Study Design. A genetic association study. Objective. The aim of this study was to investigate whether rs1978060 of TBX1 gene was a susceptible locus of adolescent idiopathic scoliosis (AIS) in the Chinese Han population and to better define the functional role of TBX1 in the development and progression of AIS. Summary of Background Data. A recent genome-wide association study reported a novel susceptible locus in TBX1 gene, which was associated with the development of AIS in the Japanese population. However, there is a paucity of knowledge concerning the functional role of TBX1 in the Chinese AIS population. Methods.
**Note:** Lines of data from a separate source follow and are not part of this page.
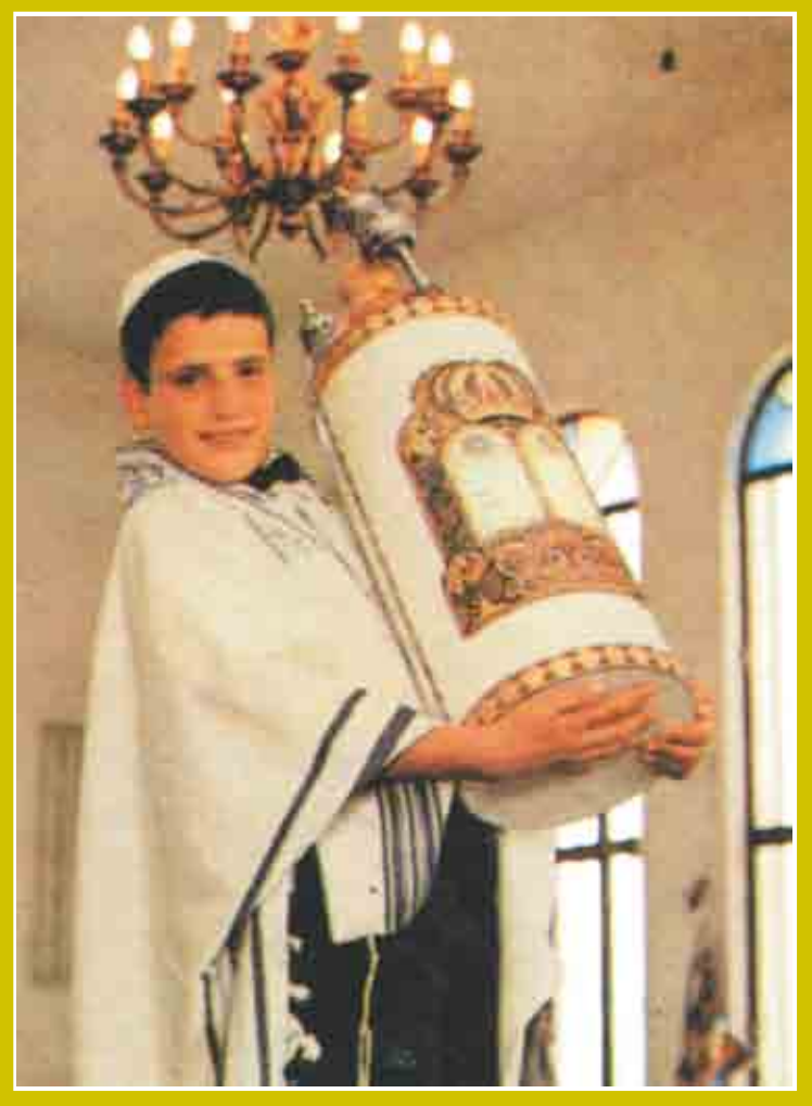
"TIFERET SHLOMO" Boys' Orphan Home
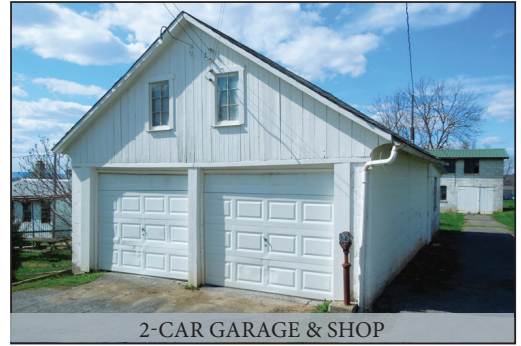
2-CAR GARAGE & SHOP

Located at 1651 Main St. East Earl, Pa. (Goodville) East Earl Twp. Lancaster Co.
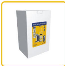
White Box with Label
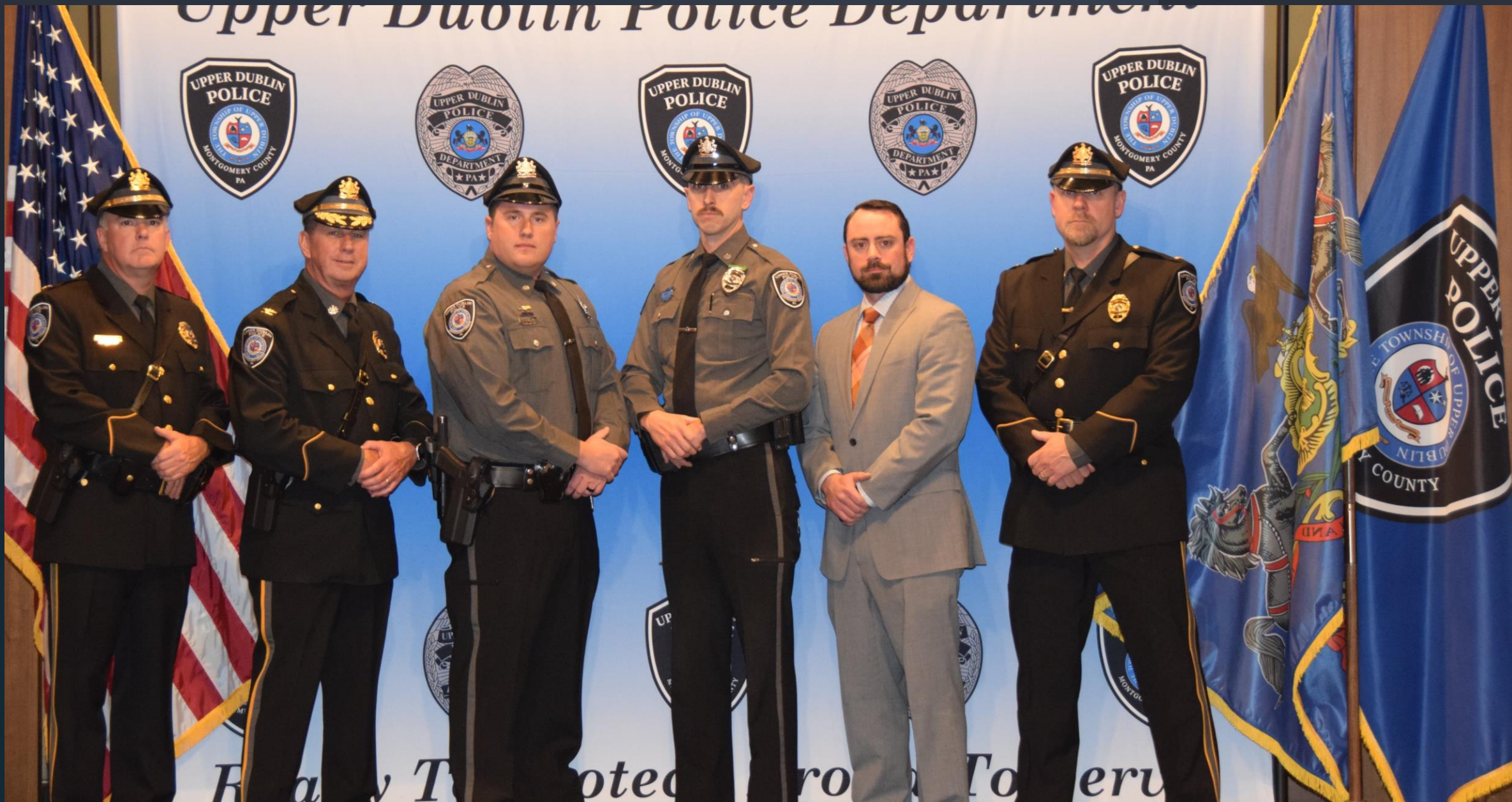
Commendation Ceremony – Merit
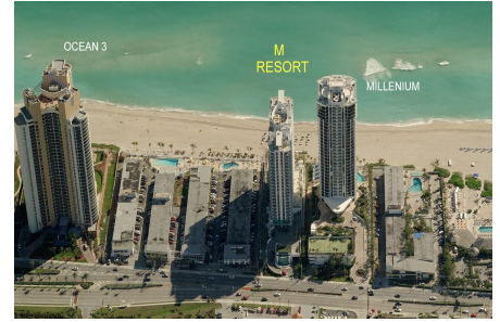
Built in 2005 - 210 units - 25 floors

Number of units: 210 Number of active listings for rent: 0 Number of active listings for sale: 7 Building inventory for sale: 3% Number of sales over the last 12 months: 9 Number of sales over the last 6 months: 5 Number of sales over the last 3 months: 1
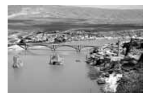
The proposed site of the Ilisu Dam and the town of Hasankeyf

credit insurance, even though the amount of borrowing itself would be comparatively low as a result of these salami tactics.
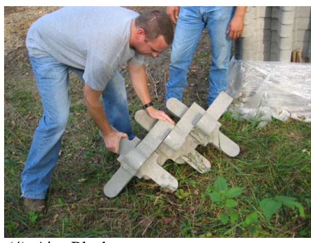
(4) Ajax Blocks
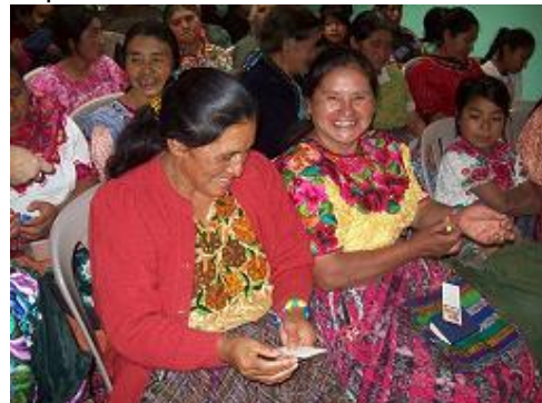
The women enjoy their gifts (heart bracelets).
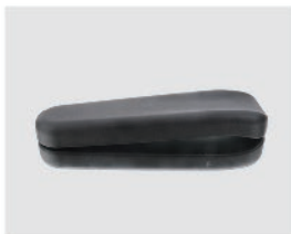
YSPAR001-A02 Curved PU arm pad
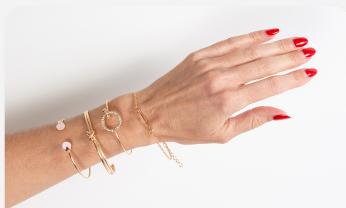
Re-labelling left and right arm e.g. 'bracelet arm'
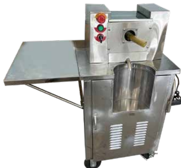
SUGAR CANE MACHINE CASTER 55X5 (MÁY ÉP MÍA)
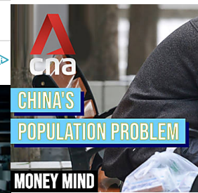
Demographic Timebomb: How W Ageing Population Impact Asia? Mind
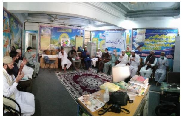
KCD146-Committee members meeting
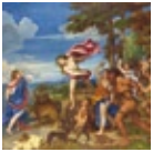
8 Bacchus and Ariadne, 1520 - 23 Titian Yorkshire Museum
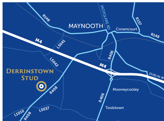
Derrinstown Stud location
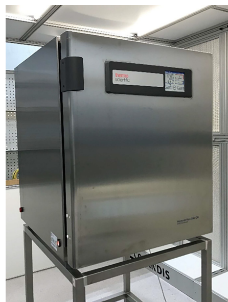
Figure 3. Heracell Vios 160i CR and Heracell Vios 250i CR incubators photographed during the initial visual inspection and cleaning.
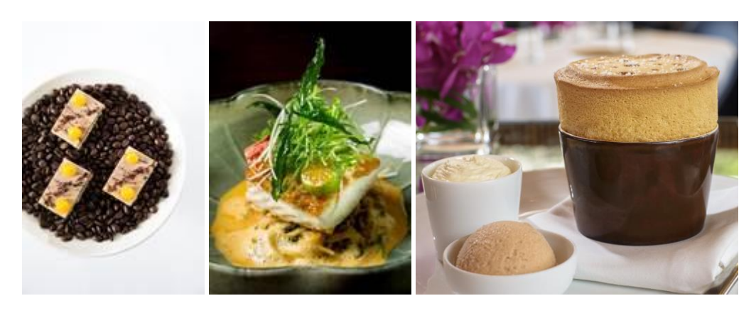
Spago's sunset menu features the restaurant's greatest hits (from L to R): kaya toast; Japanese sea bream "laksa"; and salted caramel soufflé

Experience sky-high dining at its best at Spago by Wolfgang Puck , as the restaurant presents a three-course sunset menu (S$78++) comprising its timeless classics and seasonal specials. Bask in the golden hour and start the evening with a seasonal handmade sweet corn agnolotti , featuring pockets of handmade pasta packed with sweet corn and mascarpone, coated in delicious sage butter sauce and topped with parmigiano reggiano, or the innovative kaya toast (top up S$10++) – a delicate treat of seared foie gras, pandan-coconut jam and foie gras-espresso mousse atop a crisp toasted brioche.
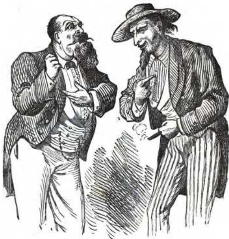
A CONVERSATION UNDER DIFFICULTIES.

"Never go to France unless you know the lingo, For if you do, like me, why you'll repent, by jingo." TOM HOOD.

The SNP rs1978060 was genotyped in 1725 female AIS patients and 2600 healthy controls. Paraspinal muscle samples were collected from 30 AIS patients and 26 age-matched congenital scoliosis (CS) patients for the analysis of tissue expression. The differences of genotype and allele distributions between the patients and the controls were calculated using the chi(2) test. The Pearson correlation analysis was carried out to investigate the relation between the expression of the PAX1 gene and the curve severity. Results. SNP rs1978060 was significantly associated with the susceptibility of AIS. Allele G of rs1978060 could significantly add to the risk of AIS with an odds ratio of 1.12. The tissue expression of TBX1 was obviously decreased in AIS patients. There was a remarkable correlation between the curve magnitude and the TBX1 expression (r = -0.519, P = 0.003). Conclusion. The association between TBX1 and the susceptibility of AIS was successfully replicated in the Chinese population. Moreover, rs1978060 may be a functional variant regulating the expression of TBX1. More studies were warranted to explore the functional role of TBX1 in the onset and progression of AIS.